We present a novel approach to protein structure prediction using
graph neural networks. Our method achieves state-of-the-art results
on the CASP14 benchmark, outperforming existing methods by 15% in
GDT-TS score. We demonstrate that incorporating evolutionary
information through multiple sequence alignments significantly
improves prediction accuracy.
"""

analysis = analyze_abstract(abstract)
print(analysis)

Grant Writing Support

import ollama

def improve_grant_section(text, section_type):
    """Suggest improvements for grant application sections."""
    prompt = f"""You are an experienced grant reviewer.
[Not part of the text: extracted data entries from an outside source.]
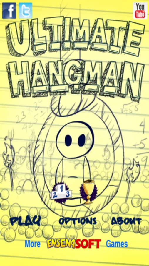 Ultimate Hangman Go is a must have hangman game with 4 awesome themes (Doodle Hangman, Chillin' Chalk, Christmas Snowman and Flower Power), 11 great songs and 73 word categories including 7 random modes.
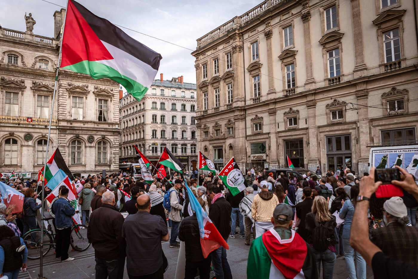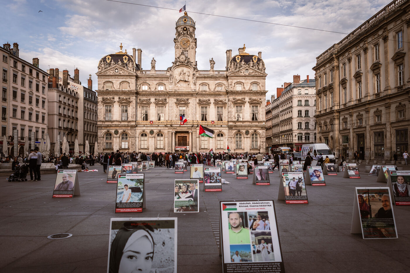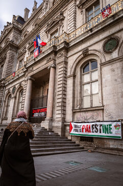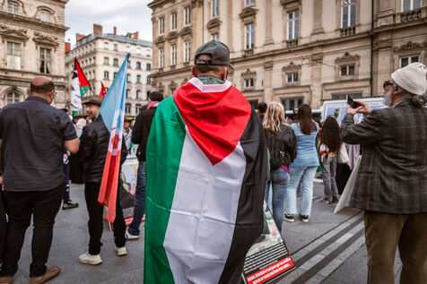 À l'appel du collectif 69 Palestine, de nombreuses personnes se sont rassemblées pour assister à un die-in en hommage aux palestiniens et palestiennes tué·e·s par l'état génocidaire Israël et en soutien au peuple palestinien à Lyon en France le 12 avril 2025.
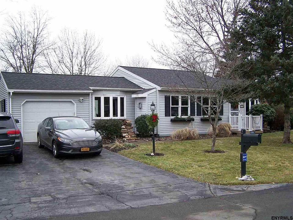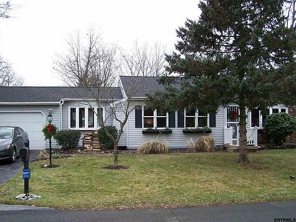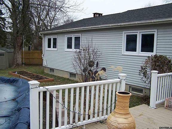 Beautiful expanded Ranch with 1 car garage, fenced rear yard with 15 x 33 Oval Pool. Living room with fireplace, dining area, kitchen with fireplace, 3 bedrooms, 2 full baths, family room, plus partially finished basement. Large deck with screened-in porch. Hardwood floors, newer heating, A/C, tankless hot water, windows, & roof. Upgraded kitchen with new countertops and tile back splash being installed. Recently painted interior. Vinyl siding, great neighborhood. Easy access to EG, Albany, and highways
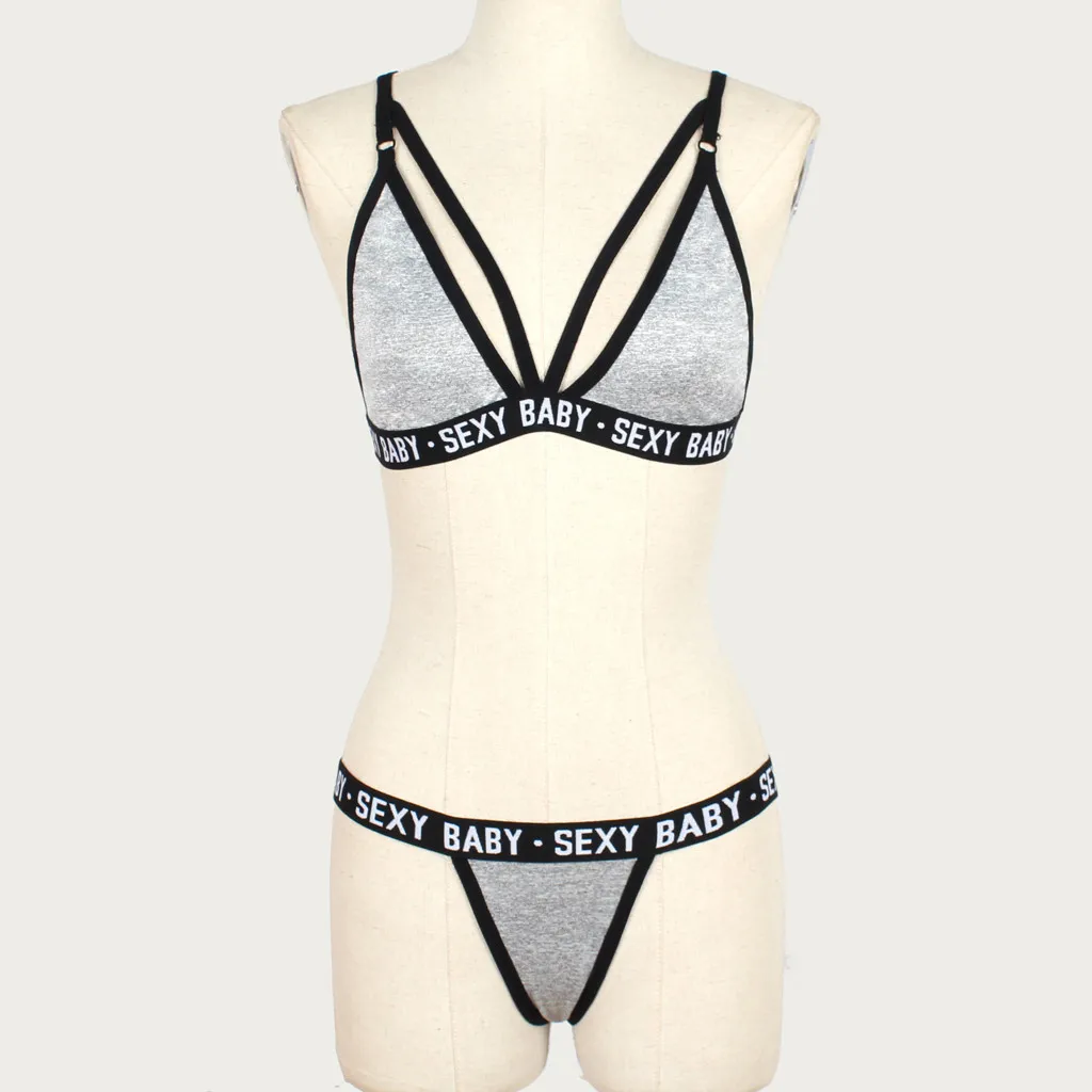 Модный женский комплект нижнего белья с буквенным принтом в стиле пэчворк

Review this {section_type}
section and provide specific suggestions to strengthen it:

{text}

Please provide:
1. Strengths of the current text
2. Areas that need improvement
3. Specific rewrite suggestions
4. Questions a reviewer might ask"""

    response = ollama.generate(model='qwen2.5:7b', prompt=prompt)
    return response['response']

Teaching Assistant

import ollama

def create_quiz_questions(topic, difficulty, num_questions):
    """Generate quiz questions on a topic."""
    prompt = f"""Create {num_questions} {difficulty}-level multiple choice questions
about {topic}. For each question:
1. Provide the question
2. Give 4 options (A, B, C, D)
3. Indicate the correct answer
4. Explain why the correct answer is right

Format clearly with separators between questions."""

    response = ollama.generate(model='llama3.2', prompt=prompt)
    return response['response']

# Generate quiz
quiz = create_quiz_questions(
    topic="the scientific method",
    difficulty="intermediate",
    num_questions=5
)
print(quiz)

Data Analysis Helper

import ollama

def suggest_analysis(data_description):
    """Suggest statistical analyses for a dataset."""
    prompt = f"""Based on this data description, suggest appropriate statistical
analyses and explain the rationale:

{data_description}

Please provide:
1. Recommended statistical tests/methods
2. Assumptions to check
3. Python/R code snippets for implementation
4. How to interpret potential results"""

    response = ollama.generate(model='qwen2.5:7b', prompt=prompt)
    return response['response']

Further Resources

  • Hugging Face: Find and download models for use with Ollama
  • Gradio: Build web interfaces for your Ollama-powered applications
  • RAG: Implement retrieval-augmented generation with local models
  • Jupyter AI: Integrate AI assistance into your research notebooks
  • Agentic AI: Build autonomous AI agents with local models
  • MCP: Connect Ollama to external tools and data sources

Getting Started Recommendation

If you're new to running local AI models, start with these steps:

  1. Install Ollama using the method for your operating system
  2. Download a small model: ollama pull llama3.2:3b
  3. Try interactive chat: ollama run llama3.2:3b
  4. Experiment with the Python library for programmatic access
  5. Create a custom Modelfile for your specific use case

Once comfortable, explore larger models and integrations with tools like Open WebUI or LangChain.